Good thing you got away from him when you did, biz wise. Collection agencies/firms are now asking for ALL kinds of contact info. I turned an account to collections this year and they wanted contact info on friends, family, other vendors, ex-wife... The guy is a problem customer and I was happy to unload him, but was surprised at how aggressive they were.
My business relationship was brief and limited, so way the credit card people can legitimately come after me. It's the IRS bullet I am glad I dodged. If my names were on any official documents or anything showing controlling interest, I'd probably be screwed too.

Now that you mention it, I am wondering how much longer the IRS will wait to start taking action against the defunct corporation and come after his assets. There are already liens against the defunct business entity. Once they get past the corporate veil, the next step would be a levy on everything they can reach - bank, vehicles, real property, etc. There are rules they have to follow and time limitations, but I would be surprised if they let go, given the amount owed.

I got curious and checked the court records - lo and behold, the credit card company also tried to take him to small claims court a year or so ago. The records show they tried to serve him twice, once electronically and once by sheriff at his address, but both times the reason listed was "moved" or "not living there." I know for a fact he still lives at the same address, so I don't know how he dodged the in person summons - unless maybe his fiancee is in on the scam and lied about him no longer being at that address?
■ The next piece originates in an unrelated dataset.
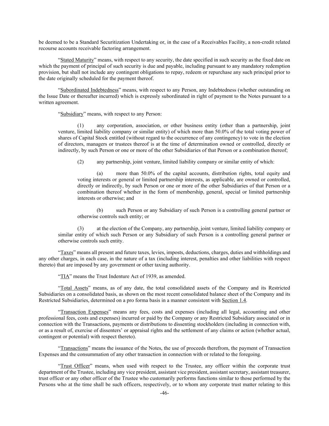 -46- be deemed to be a Standard Securitization Undertaking or, in the case of a Receivables Facility, a non-credit related recourse accounts receivable factoring arrangement. “Stated Maturity” means, with respect to any security, the date specified in such security as the fixed date on which the payment of principal of such security is due and payable, including pursuant to any mandatory redemption provision, but shall not include any contingent obligations to repay, redeem or repurchase any such principal prior to the date originally scheduled for the payment thereof. “Subordinated Indebtedness” means, with respect to any Person, any Indebtedness (whether outstanding on the Issue Date or thereafter incurred) which is expressly subordinated in right of payment to the Notes pursuant to a written agreement. “Subsidiary” means, with respect to any Person: (1) any corporation, association, or other business entity (other than a partnership, joint venture, limited liability company or similar entity) of which more than 50.0% of the total voting power of shares of Capital Stock entitled (without regard to the occurrence of any contingency) to vote in the election of directors, managers or trustees thereof is at the time of determination owned or controlled, directly or indirectly, by such Person or one or more of the other Subsidiaries of that Person or a combination thereof; (2) any partnership, joint venture, limited liability company or similar entity of which: (a) more than 50.0% of the capital accounts, distribution rights, total equity and voting interests or general or limited partnership interests, as applicable, are owned or controlled, directly or indirectly, by such Person or one or more of the other Subsidiaries of that Person or a combination thereof whether in the form of membership, general, special or limited partnership interests or otherwise; and (b) such Person or any Subsidiary of such Person is a controlling general partner or otherwise controls such entity; or (3) at the election of the Company, any partnership, joint venture, limited liability company or similar entity of which such Person or any Subsidiary of such Person is a controlling general partner or otherwise controls such entity. “Taxes” means all present and future taxes, levies, imposts, deductions, charges, duties and withholdings and any other charges, in each case, in the nature of a tax (including interest, penalties and other liabilities with respect thereto) that are imposed by any government or other taxing authority. “TIA” means the Trust Indenture Act of 1939, as amended. “Total Assets” means, as of any date, the total consolidated assets of the Company and its Restricted Subsidiaries on a consolidated basis, as shown on the most recent consolidated balance sheet of the Company and its Restricted Subsidiaries, determined on a pro forma basis in a manner consistent with Section 1.4. “Transaction Expenses” means any fees, costs and expenses (including all legal, accounting and other professional fees, costs and expenses) incurred or paid by the Company or any Restricted Subsidiary associated or in connection with the Transactions, payments or distributions to dissenting stockholders (including in connection with, or as a result of, exercise of dissenters’ or appraisal rights and the settlement of any claims or action (whether actual, contingent or potential) with respect thereto). “Transactions” means the issuance of the Notes, the use of proceeds therefrom, the payment of Transaction Expenses and the consummation of any other transaction in connection with or related to the foregoing. “Trust Officer” means, when used with respect to the Trustee, any officer within the corporate trust department of the Trustee, including any vice president, assistant vice president, assistant secretary, assistant treasurer, trust officer or any other officer of the Trustee who customarily performs functions similar to those performed by the Persons who at the time shall be such officers, respectively, or to whom any corporate trust matter relating to this

I hope that isn't the case, but if so, well, they're made for each other - to hell with both of them.
 

Pointy Elbows

Kingfisher
Orthodox
Dodgy small business customers (mostly contractors) are a specialty of mine!

I've had customers that re-incorporated 3 or more times in 10 years. Sometimes, they drag in a new "Partner," get him to sign the personal guarantees with vendors, run up a tab, and stiff the new guy. I've twice seen brothers do this to each other! Of course, they do the same thing with taxes. Everybody is a partner when the money is coming in. Everybody disappears when it's time to pay the bills.

You dodged a bullet, staying out of any interest other than as an employee with a card. Good for you.